As general dentists and specialists working together to provide the best occlusion for each patient, we understand that comprehensive orthodontic treatment can provide significant benefits to improve function of the developing occlusion.
Many clinicians agree establishing canine guidance is a key functional goal. However, due to the late eruption, it may be one of the final items on our checklist in evaluating the developing dentition.
More troublesome than the delayed eruption is the occlusal dilemma they present as they emerge in a poor position. One of those challenges can be managing teeth that are late in development and ectopic in eruption. A single tooth in an otherwise ideal Class I occlusion can present as an occlusal dilemma when erupting in a poor position. From one six-month re-care visit to the next, there can be a dramatic change in the position of a late erupting tooth.
An example that is easy to miss is the second molar eruption. An upper second molar can take a buccal trajectory and erupt past the buccal cusp of the opposing lower molar. If it is up-righted from this position and moved into occlusion, there is a risk for opening the bite with the hyper-erupted molar. The mechanics needed for alignment must include control of both the vertical and the palatal movement.

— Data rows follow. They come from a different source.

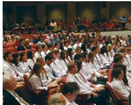
UAB dental school freshmen receive their first "doctor" white coats.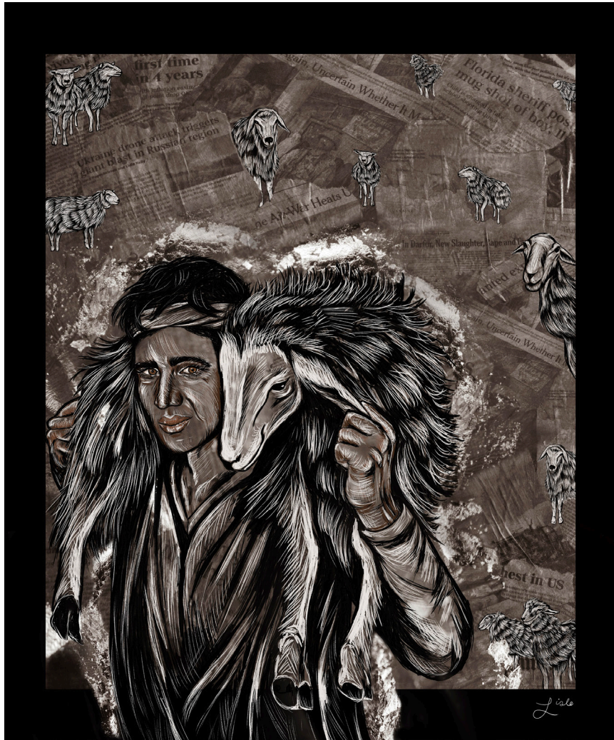
Lost and Found | Lisle Gwynn Garrity Digital painting and collage

What do you see in the art? How does the art make you feel?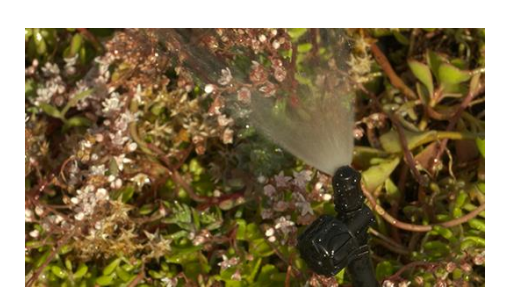
Spray pattern 90° jet

See above for spray pattern of the 180° jet.

At the same time, the treatment goal must include preserving the detailed occlusion and alignment of all the other teeth.
In this situation, placing full fixed appliances is an option commonly recommended and has the benefit of controlling the entire dentition while correcting the single mal-posed molar. However, in a case with a well-established occlusion, it is a benefit to the patient and family to be able to offer a limited treatment plan when appropriate.
Unfortunately, using limited treatment with limited appliances can mean a loss of control and unexpected tooth movements. Achieving intrusion without adjacent tooth response is a mechanical challenge in any treatment plan and appliance configuration. To resolve this challenge we take advantage of a long understanding that anchorage is the key to limiting any unwanted movement. Anchorage can be found in many forms to date including implants, TADs, headgears and consolidation of a multiple tooth unit. Using a strong stabilizing wire joining two molars as anchorage can assist with management of a single tooth movement. The buccally tipped maxillary molar can be managed with a palatal wire to stabilize the upper first molars, while a light force is applied to the second molar that needs adjustment. The rest of the occlusion remains undisturbed. The palatal wire is well tolerated by the patient, oral hygiene is easily managed, and adjustment appointments are of short duration due to the simplicity of the mechanics.
This approach can tip the second molar palatally at the same time that the second molar, including the lingual cusp, is intruded. The intrusion is important to avoid opening the bite and minimizing the potential for lingual cusp interference. This is accomplished by positioning the anchorage wire apical to the second molar position. Once the second molar position is corrected it will be slightly out of occlusal contact. The palatal wire can be removed (and saved) to allow six to eight weeks for the second molar to erupt into occlusion before removing the bands on the first molars. If needed, a segment wire can be used to seat the second molar in occlusion. The patient benefits from a less complex orthodontic solution to the limited occlusal problem and the existing Class I ideal occlusion remains undisturbed.